Thursday, April 4, 2013

THEATRE REVIEW: TRUE WEST


Pictured; Stuart Hughes, Mike Ross

JOHN COULBOURN, Special to TorSun
04 APRIL 2013
R: 3.5/5

TORONTO - Stretching back as far as Cain and Abel, the mysterious bonds of brotherhood — that fusion of love and loathing unique to certain male siblings — have fascinated storytellers of all stripes. And while the petty grievances and jealousies at the heart of TRUE WEST might not lead to fratricide on a biblical scale, they come precariously close, as playwright Sam Shepard explores those bonds from a distinctly modern 1980’s perspective. After largely disappearing from main stages, Shepard’s work is once again in the spotlight after a successful Broadway revival of TRUE WEST — which has led in turn to a Soulpepper revival that opened Wednesday at the Young Centre.

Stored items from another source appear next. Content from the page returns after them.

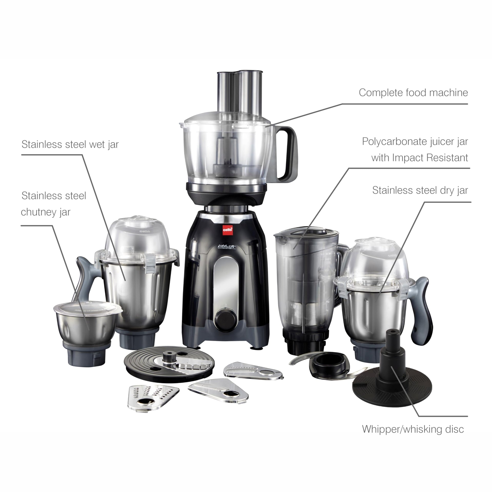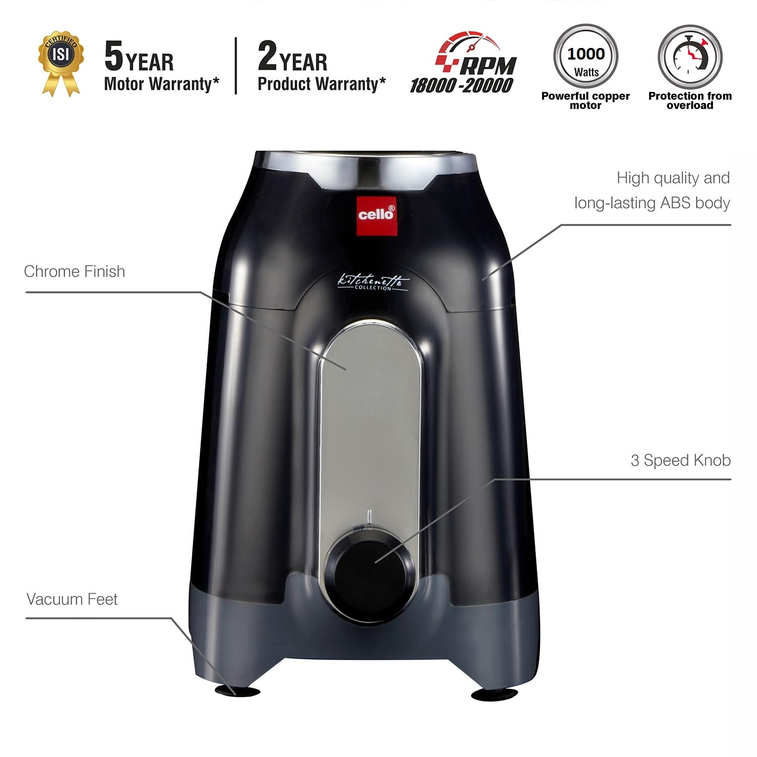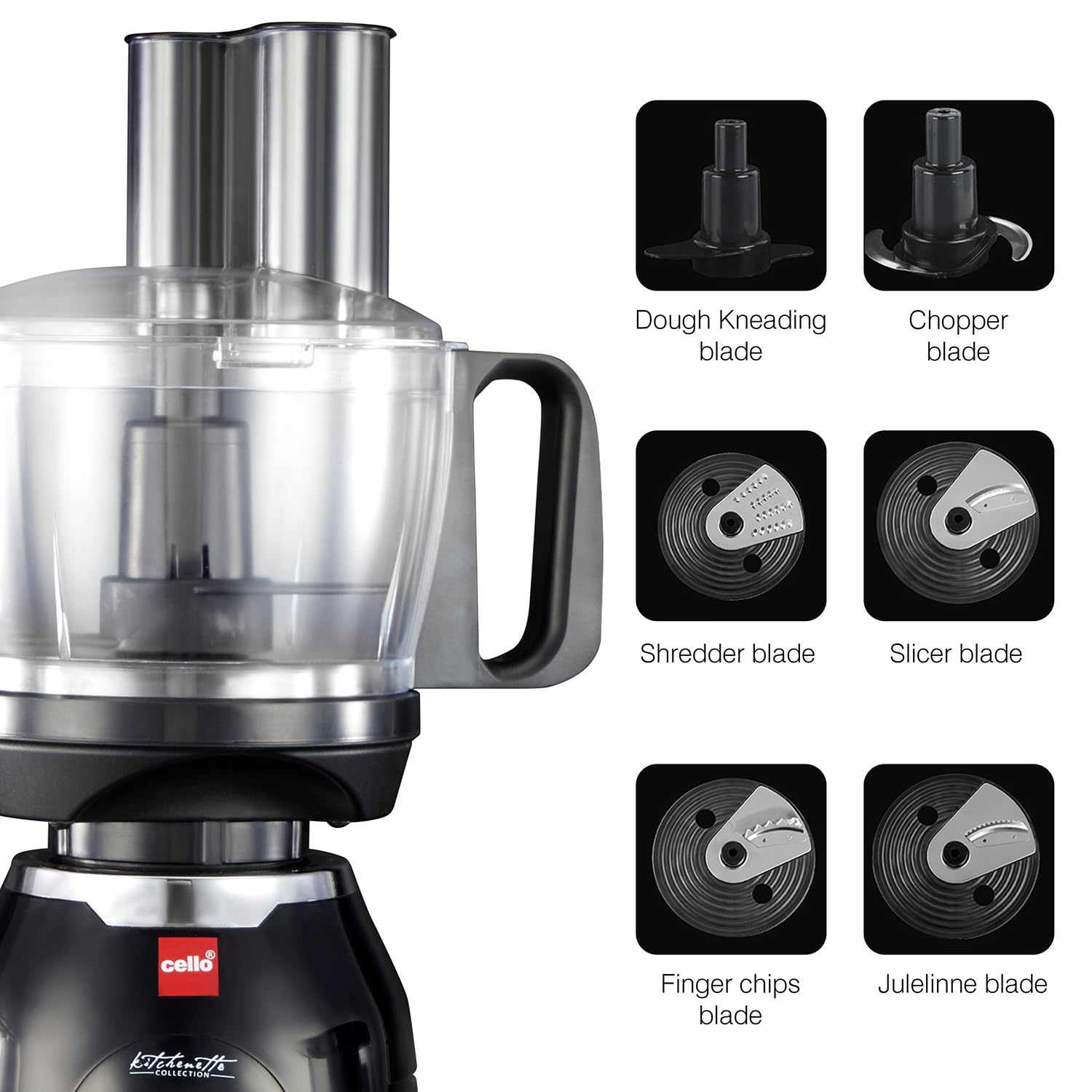 Cello Discovery Chef Mixer Grinder 5 Jars, 1000Watts | Chutney Jar, Wet Jar, Food Machine, Juicer Jar, Dry Jar | Stainless Steel Jars and Sturdy Body | 6 Additional Attachments
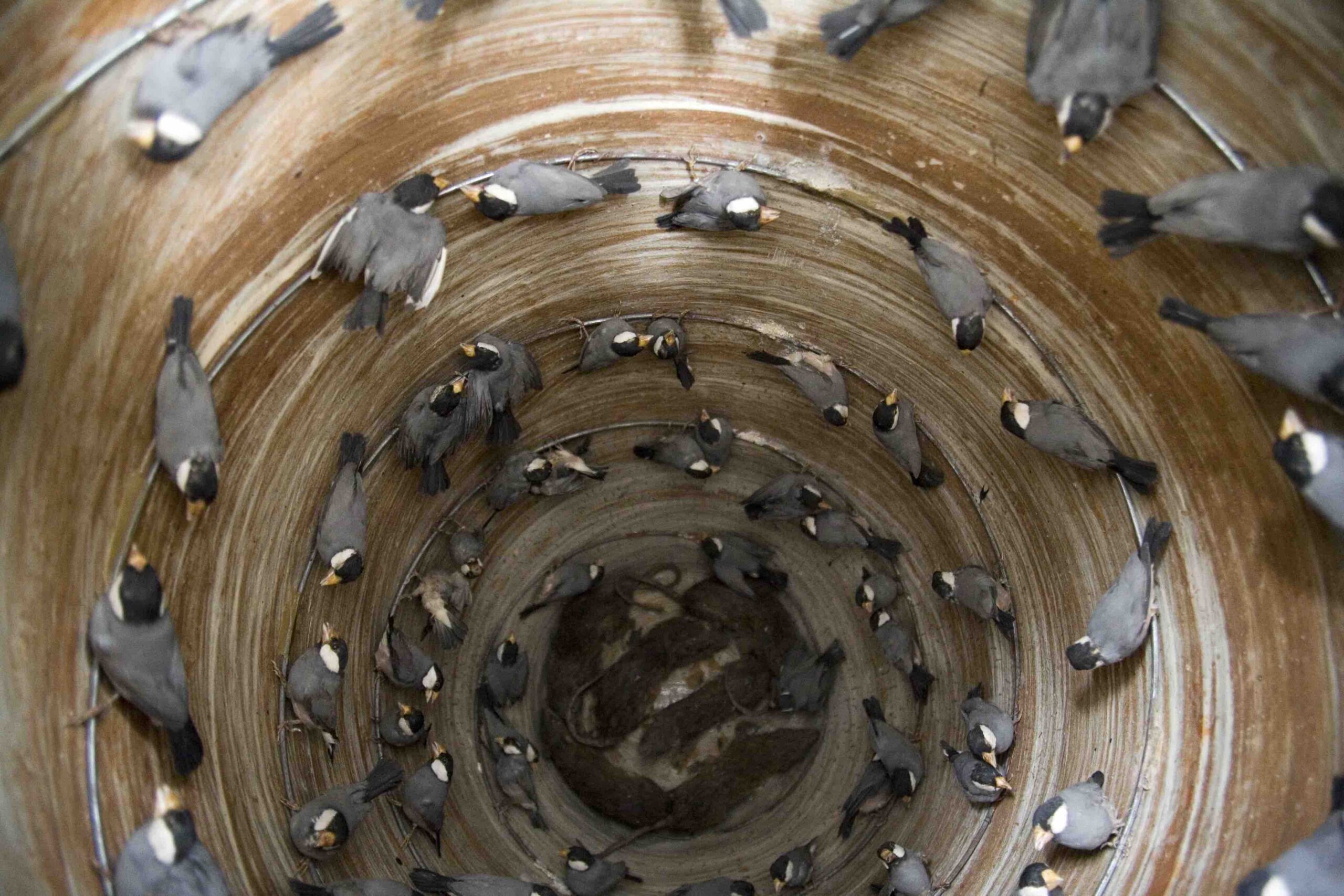 3 series of 3 ceramic jars of different sizes, taxidermy animals (snakes, peacock, rats, wolf, pigeons, crane)
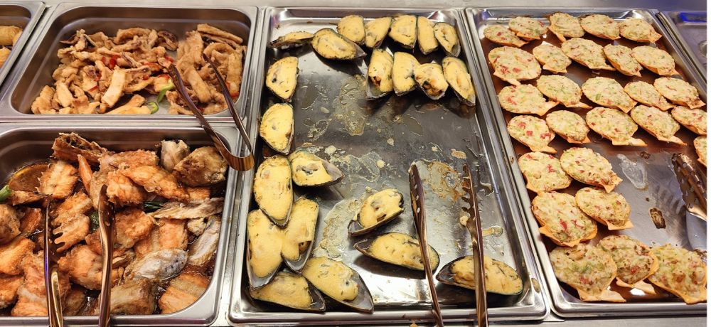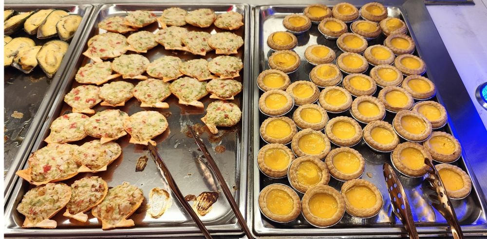 海鲜质量一般,品种或许比Fusion Buffet多一些,品质、风味未必好,有些还严重不如。小龙虾几乎绝食几星期了,腹中空空、毫无一物;扇贝食材和味道都不行,严重不如Fusion Buffet的蟹肉扇贝。余不赘述。
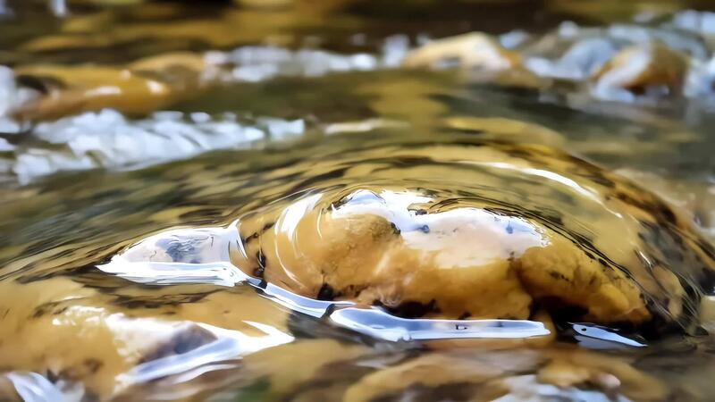 Detailed, low-angle perspective captures the dynamic movement of clear water cascading over smooth, wet river stones, with moss-covered rocks visible on the left. Free Video
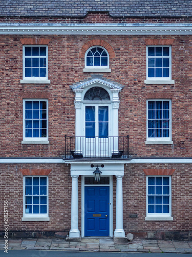 Old European brick facade with windows and colmns in a symmetrical style
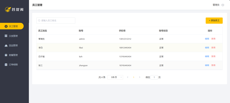 员工管理模块:实现员工信息的增删改查、角色分配与权限控制,确保不同岗位员工拥有对应操作权限。

Elder brother Lee, played by Stuart Hughes, has returned to the family home in suburban California for a re-charge, only to discover that his mother (played by Patricia Hamilton) has headed off to Alaska and left things in the care of younger brother Austin, played by Mike Ross. A clash, of course, is inevitable.

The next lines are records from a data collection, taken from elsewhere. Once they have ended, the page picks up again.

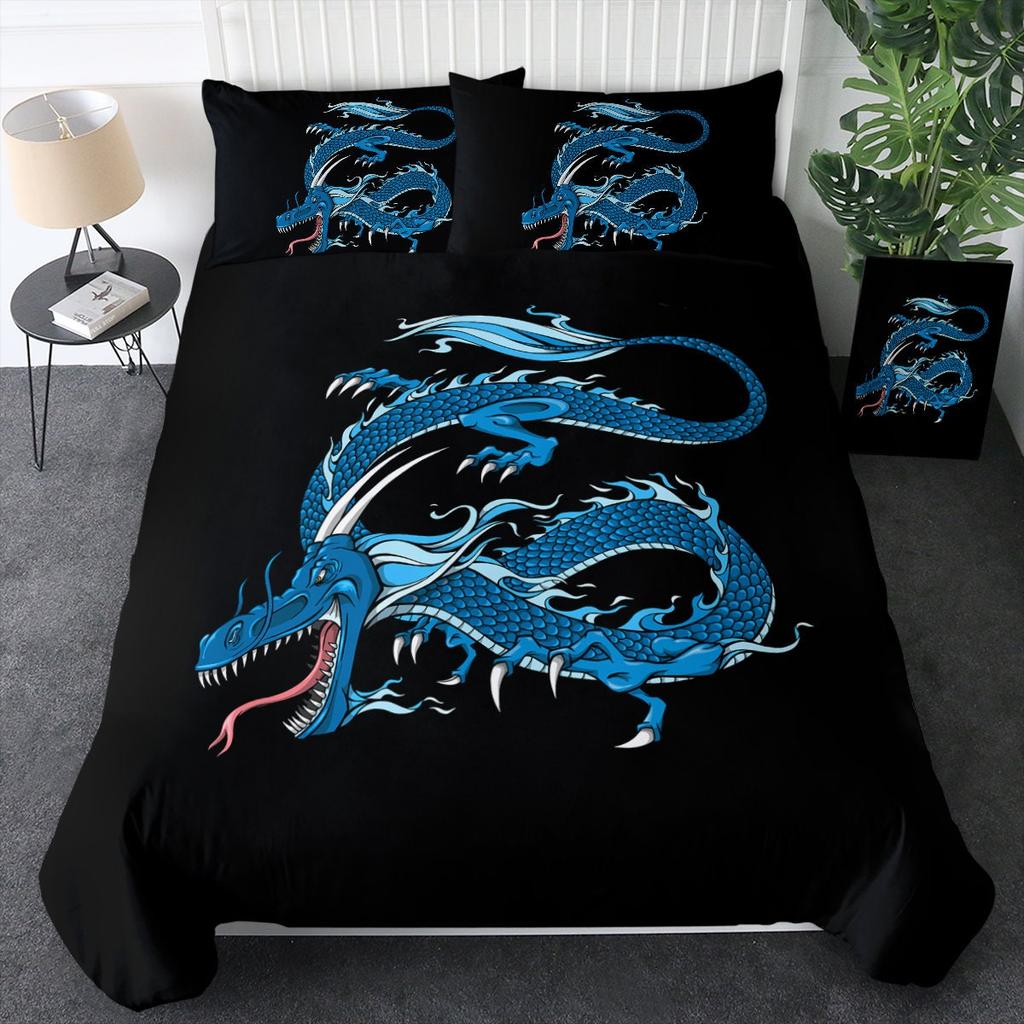Red Dragon King Queen Duvet Cover Western Mythical Animals Bedding Set For Kids Teens Adults Magical Creature 2/3Pcs Quilt Cover
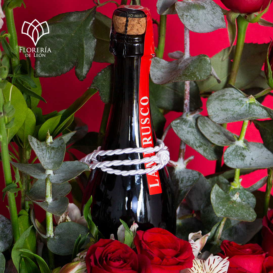 Rosas con Follajes finos (incluye Botella Lambrusco Dolce Amore )
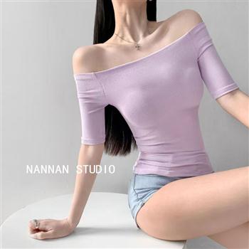 YF5418-(2色入内)辣妹夏季一字肩弹力收腰露脐短款白色简约气质上衣
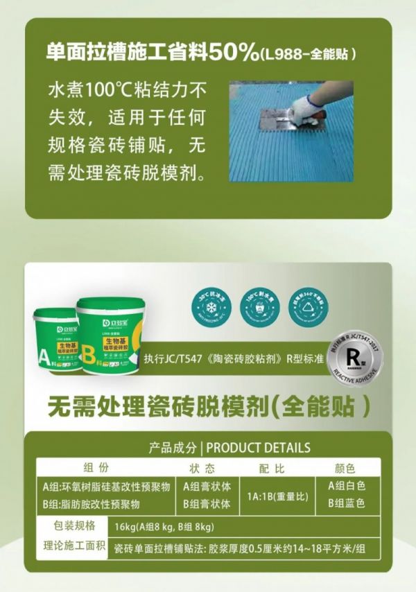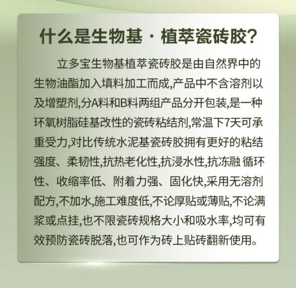 「新品上市」瓷砖胶行业技术革命性产品——“生物基·植萃”瓷砖胶(全能贴
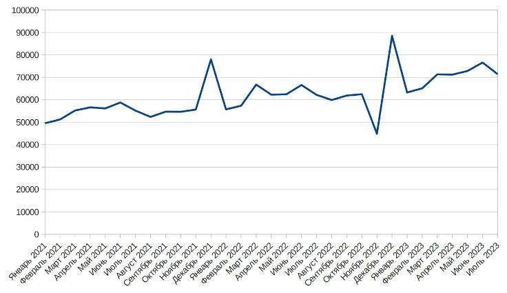 Как менялась номинальная начисленная зарплата в РФ с января 2021 по июль 2023

Lee touts his amoral values and the freedom that comes from living hand to mouth on the wrong side of the law, while Austin smugly cloaks himself in the respectability of being a family man, smug in his burgeoning success as a screenwriter. The two even lock horns over who is closer to their absent father, a drunk who crawled into a bottle and largely disappeared from their lives years ago. Their bickering comes to a head then boils over with the arrival of Saul Kimmer (Ari Cohen), a putative movie producer with whom Austin has been working. The ensuing battle proves, once again, the truth in the old axiom that it is much easier for someone to pull you down to their level than for you to pull him up to yours. It’s a bleak, blackly funny play that the cast, under the direction of Nancy Palk, tackles with more enthusiasm than finesse, leading to a production that puts more emphasis on the acting than on the story.

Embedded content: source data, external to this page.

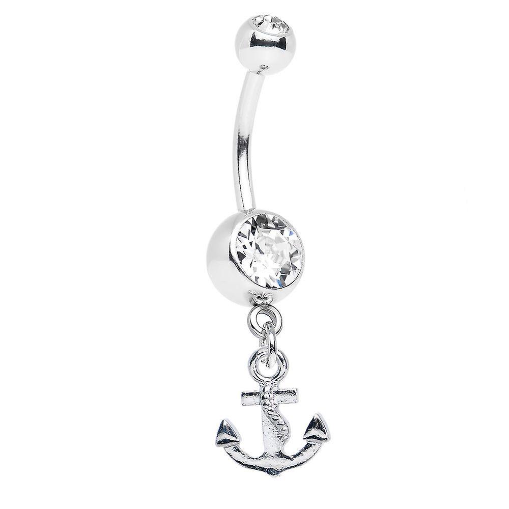 Dangle belly navel ring - cz gems with anchor dangle - 14ga 316l surgical steel
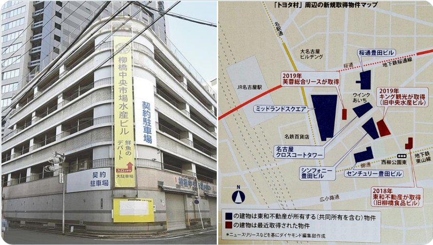 トヨタグループの東和不動産により名古屋駅前に形成された通称「トヨタ村」。更なる拡張計画の大本命だった本件を、何とパチンコ店展開のキング観光が約120億円という投機的価格で強奪。世界のトヨタの野望がパチンコ屋に阻まれるという残念な結果に。
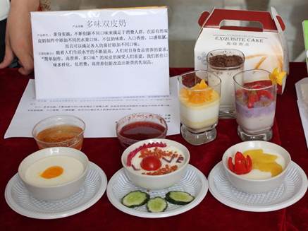 作品介绍:本产品在原有的双皮奶中添加不同水果,不仅奶味浓郁、入口香滑,口感细腻,而且具有提高免疫力,降血压、有利于生产发育等作用。可以满足不同人群的喜好。
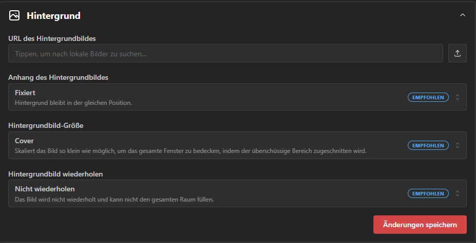 Natürlich können wir auch einen eigenen Hintergrund hochladen und hinterlegen.

In the pivotal role of Lee, Hughes gives us a man not merely cracked, but broken — not the opportunistic hustler the script suggests, but rather a middle-aged derelict, already well on his way to being what his father was before him. Ross, meanwhile, never fully inhabits either Austin’s desperation to lift himself out of a past that both attracts and repels him nor the character’s deep need for his brother’s approval. Cohen’s Kimmer, meanwhile, is right out of sitcom central casting, while Hamilton seems to have wandered in from another play entirely.


And they all get scant help from Ken MacDonald’s set, seemingly more inspired by The Golden Girls than by the shabbier milieu the playwright describes, or from lighting designer Graeme Thomson, whose apparent attempts to end each scene with a freeze frame of sorts comes across merely as uncharacteristically sloppy work. TRUE WEST remains, however, a play worth seeing, even in a production that seems to veer off track too often.